Угол покоя - Стегнер Уоллес (книги без регистрации бесплатно полностью сокращений TXT, FB2) 📗
Она была уверена, что они проведут ночь в Денвере. Даже утонченная леди квакерского происхождения после года разлуки могла возмечтать о втором медовом месяце, особенно если приехала полная решимости быть образцовой женой. Но у них не нашлось времени даже толком пообедать. Им нужно было в Фэрплей, их поезд по узкоколейке “Денвер, Саут-Парк энд Пасифик” отправлялся меньше чем через час. Дожидаясь, чтобы им упаковали еду с собой, они едва на него не опоздали и, переводя дыхание после спешки, обнаружили внутри только одно свободное сиденье, да и то сломанное.

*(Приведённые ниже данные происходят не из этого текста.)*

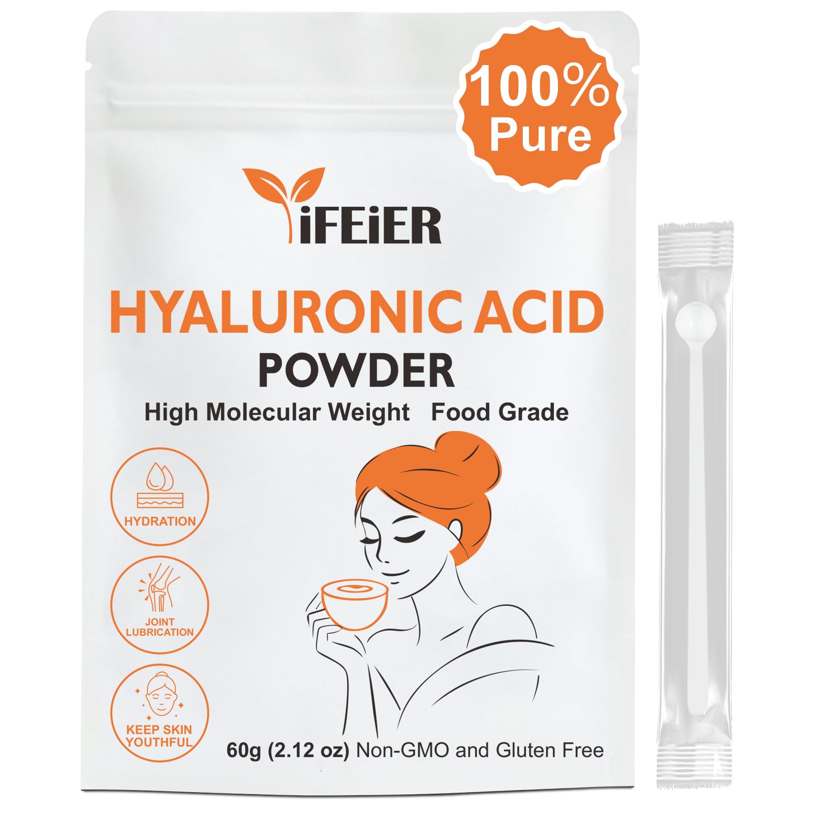1. iFEiER High Molecular Weight Hyaluronic Acid Powder (1000 1200kDa), 60g(2.12oz). Food Grade Hyaluronic Acid Supplements. Double bagged for extra protection during transit and long-term storage. Each pouch includes a free measuring spoon for easy daily use.
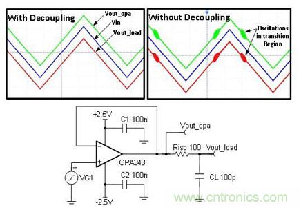 圖 1 為帶去耦電容器和不帶去耦電容器(C1 和C2)情況下用于驅(qū)動 R-C 負(fù)載的緩沖電路。我們注意到,在不使用去耦電容器的情況下,電路的輸出信號包含高頻 (3.8MHz) 振蕩。對于沒有去耦電容器的放大器而言,通常會出現(xiàn)穩(wěn)定性低、瞬態(tài)響應(yīng)差、啟動出現(xiàn)故障以及其它多種異常問題。
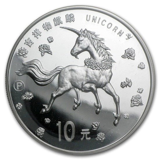 Awers przedstawia Wschodniego Jednorożca, znanego również jako qilin. Poniżej został podany rok bicia monety

Оливер расстелил на нем свой полевой балахон, подпер кресло снизу саквояжем Сюзан, и она, усевшись, ела огромный сэндвич с жесткой говядиной и избытком горчицы, а поезд тем временем вгрызался в гору. Оливер сказал, что быстрая река, вдоль которой они поднимались, это Саут-Платт. Полотно дороги было неровное, поезд едва держался на рельсах. Ее кидало то к Оливеру, то к окну, она с трудом доносила сэндвич до рта.
– Вот и приключение, – сказала она.
– Ага, славно.
– Поезд такой маленький после “Санта-Фе” [92]. Если бы я стала сейчас нас рисовать, то выбрала бы себе место подальше, сзади и сверху, и изобразила бы крохотный игрушечный поезд, исчезающий в этих огромных горах.
– Погоди немного, – сказал Оливер. – Вот доедем до Слакса, пересядем там в коляску и станем совсем крохотным пятнышком, исчезающим в горах еще огромней, чем эти.
– Все глубже и глубже на Запад. Ледвилл зовется Облачным городом, да?
– Кто его так зовет?
– “Леслиз”.
– Мило.
– Какой ты скучный, – сказала она. – Нет чтобы поощрить мои излияния. Расскажи про нашу хижину на берегу канала. Она правда бревенчатая?
– Правда бревенчатая. По доллару за бревно.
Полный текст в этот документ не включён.